(Supplied records begins)

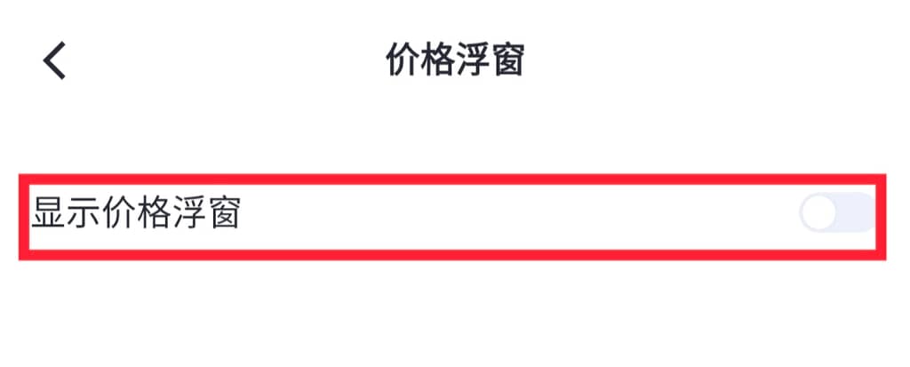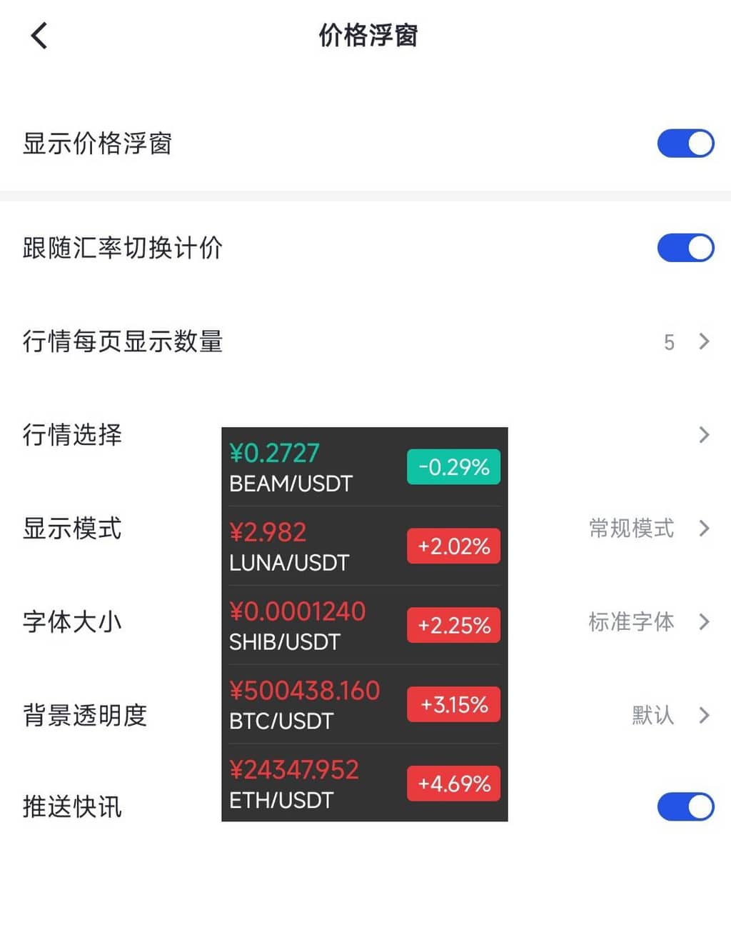 2.在 “价格浮窗” 页面可以点击开启/关闭 “显示价格浮窗” 开关。点击开启 “显示价格浮窗” 后,即可看到浮动窗口,同时在此界面可以进行参数设置。
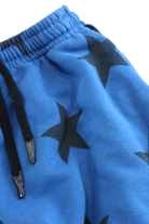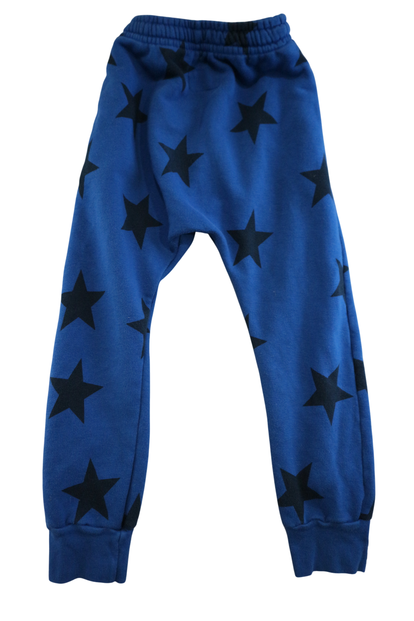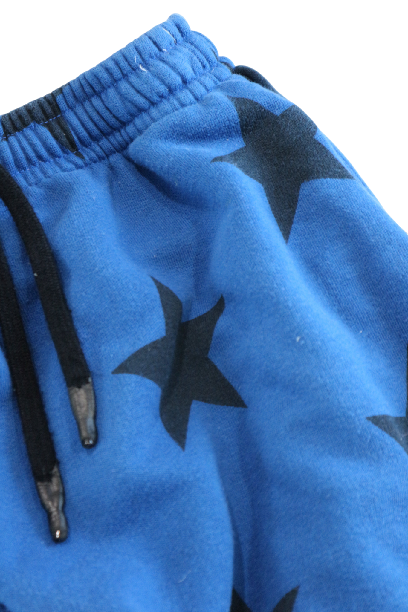 These blue kids' tracksuit pants feature a fun black star print that adds a playful touch to any outfit. Perfect for active days, they offer comfort and style for kids aged 8 to 9. Durable and easy to wear, they're ideal for playtime or casual outings. Good-fair condition, some wash fade and wear.
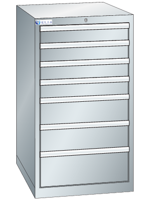 7、B-1071車間用重型單導(dǎo)軌工具柜每只抽屜設(shè)有安全鎖扣,可防止抽屜意外滑出;
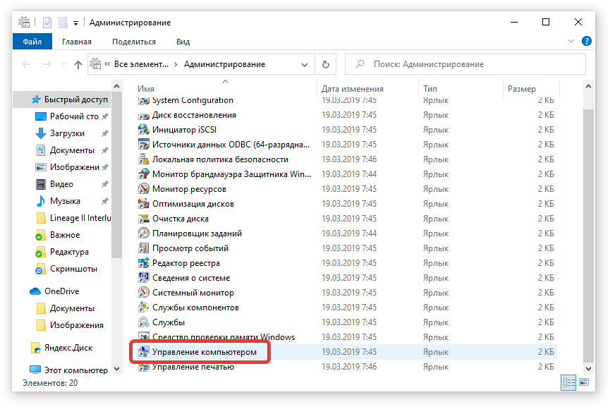 - Перейти в раздел «Администрирование» и запустить компонент «Управление компьютером».
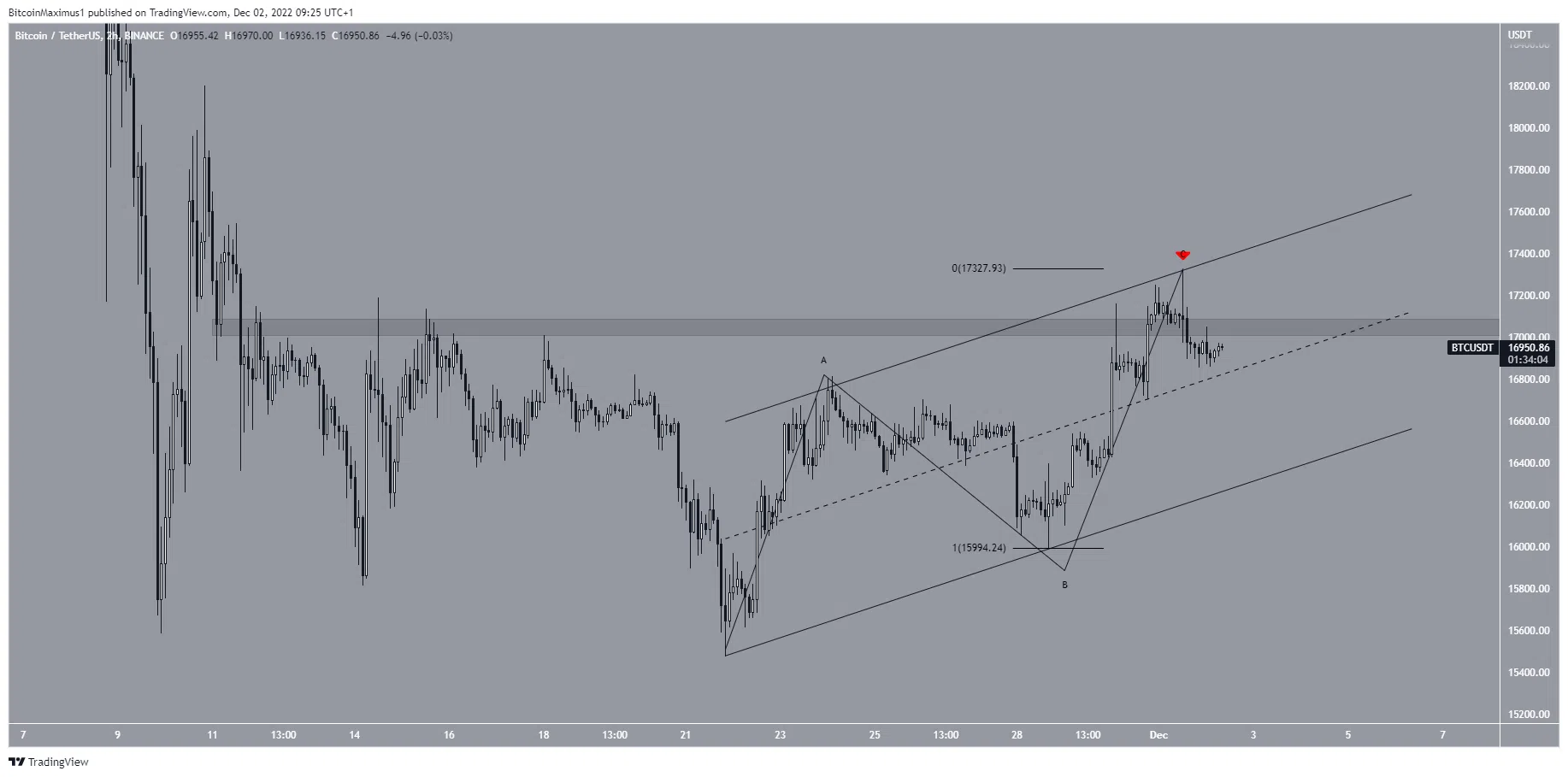 De plus, le BTC est tombé en dessous de la zone de résistance de 17 050 $. Enfin, son mouvement à l’intérieur du canal ressemble à une structure corrective en A-B-C, et au sein de laquelle les vagues A:C présentent un rapport de 1:1.
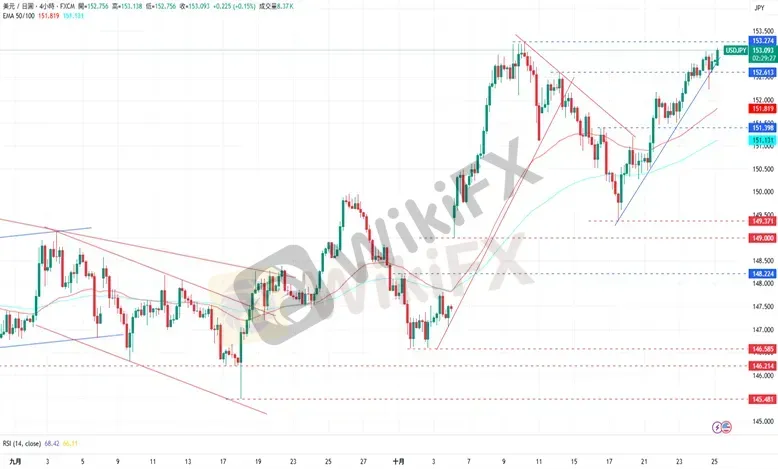 CPT Markets分析师指出,美元/日元维持在153.274水平下方盘整,以消化RSI指针的超买讯号,由于目前上涨趋势完整,目前走势仍偏向看涨。上涨方面,美元/日元目前的阻力10月10日的高点153.274,再来是2月12日的高点154.797。下跌方面,美元/日元初步的支撑为10月22日低点151.485水平,再来是10月20日低点150.272以及10月13日低点149.371。
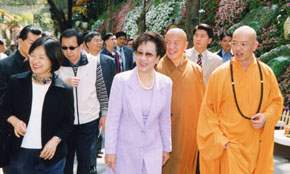 副總統是下午在高雄市國立中山大學以美伊戰爭與朝鮮半島危機之國際情勢談台灣前途為主題,向國際扶輪社三五一○地區第五屆年會的與會人員發表專題演講時,作了以上表示。演講前,副總統並前往佛光山參觀國際花藝特展及相關設施。

(Supplied records ends)

Your answer must be an exact copy of the lines from the line with "- Перейти в" to the final line of the data, both ends included, and no pictures.

 - Перейти в раздел «Администрирование» и запустить компонент «Управление компьютером».
 De plus, le BTC est tombé en dessous de la zone de résistance de 17 050 $. Enfin, son mouvement à l’intérieur du canal ressemble à une structure corrective en A-B-C, et au sein de laquelle les vagues A:C présentent un rapport de 1:1.
 CPT Markets分析师指出,美元/日元维持在153.274水平下方盘整,以消化RSI指针的超买讯号,由于目前上涨趋势完整,目前走势仍偏向看涨。上涨方面,美元/日元目前的阻力10月10日的高点153.274,再来是2月12日的高点154.797。下跌方面,美元/日元初步的支撑为10月22日低点151.485水平,再来是10月20日低点150.272以及10月13日低点149.371。
 副總統是下午在高雄市國立中山大學以美伊戰爭與朝鮮半島危機之國際情勢談台灣前途為主題,向國際扶輪社三五一○地區第五屆年會的與會人員發表專題演講時,作了以上表示。演講前,副總統並前往佛光山參觀國際花藝特展及相關設施。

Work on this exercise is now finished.